Leaving out pictures, output exactly the lines below from the one that has "Visit Proof |" through the one that has "Spa cover collector", and nothing else.

• **Data to use**
==========
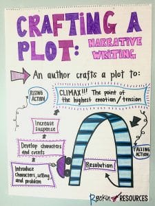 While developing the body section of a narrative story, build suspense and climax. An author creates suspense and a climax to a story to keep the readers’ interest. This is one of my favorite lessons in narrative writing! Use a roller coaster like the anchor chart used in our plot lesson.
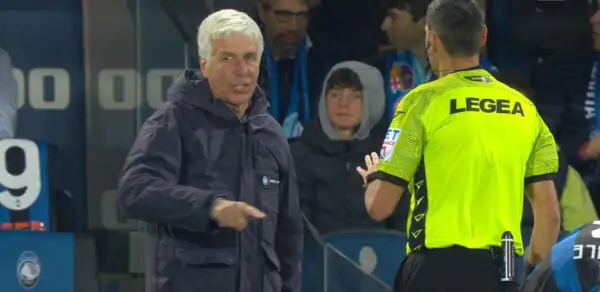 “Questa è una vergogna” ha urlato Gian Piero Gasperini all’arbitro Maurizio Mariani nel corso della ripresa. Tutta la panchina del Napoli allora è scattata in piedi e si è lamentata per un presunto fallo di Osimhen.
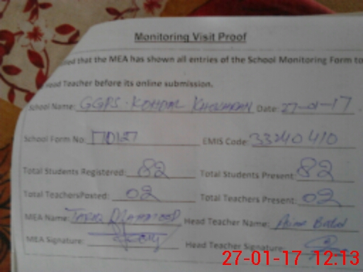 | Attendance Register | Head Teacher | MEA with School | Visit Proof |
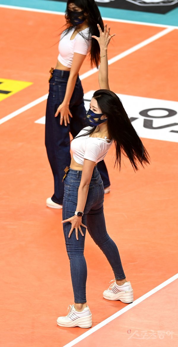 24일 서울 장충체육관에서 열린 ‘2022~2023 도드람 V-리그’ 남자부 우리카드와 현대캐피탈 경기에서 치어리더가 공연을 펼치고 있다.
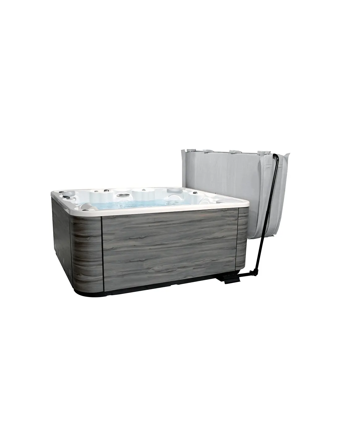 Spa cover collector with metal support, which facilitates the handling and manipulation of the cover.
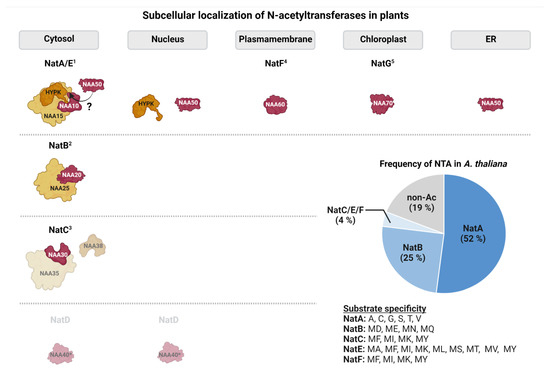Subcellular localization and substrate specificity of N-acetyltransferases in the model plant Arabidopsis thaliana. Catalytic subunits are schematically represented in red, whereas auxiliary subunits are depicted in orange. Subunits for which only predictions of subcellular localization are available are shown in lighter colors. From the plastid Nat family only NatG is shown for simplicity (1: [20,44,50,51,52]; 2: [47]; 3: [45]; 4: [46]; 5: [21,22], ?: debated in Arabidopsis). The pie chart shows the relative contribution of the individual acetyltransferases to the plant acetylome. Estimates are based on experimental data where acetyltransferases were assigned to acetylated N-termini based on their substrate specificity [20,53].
==========
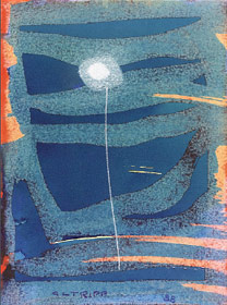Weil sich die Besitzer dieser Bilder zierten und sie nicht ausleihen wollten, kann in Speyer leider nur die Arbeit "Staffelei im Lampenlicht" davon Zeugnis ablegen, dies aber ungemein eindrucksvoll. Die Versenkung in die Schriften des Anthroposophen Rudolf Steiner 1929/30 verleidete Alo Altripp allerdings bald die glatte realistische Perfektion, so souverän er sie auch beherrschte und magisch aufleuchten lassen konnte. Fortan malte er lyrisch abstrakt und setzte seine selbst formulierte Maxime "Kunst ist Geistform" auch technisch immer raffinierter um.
==========
• **Result**
 | Attendance Register | Head Teacher | MEA with School | Visit Proof |
 24일 서울 장충체육관에서 열린 ‘2022~2023 도드람 V-리그’ 남자부 우리카드와 현대캐피탈 경기에서 치어리더가 공연을 펼치고 있다.
 Spa cover collector with metal support, which facilitates the handling and manipulation of the cover.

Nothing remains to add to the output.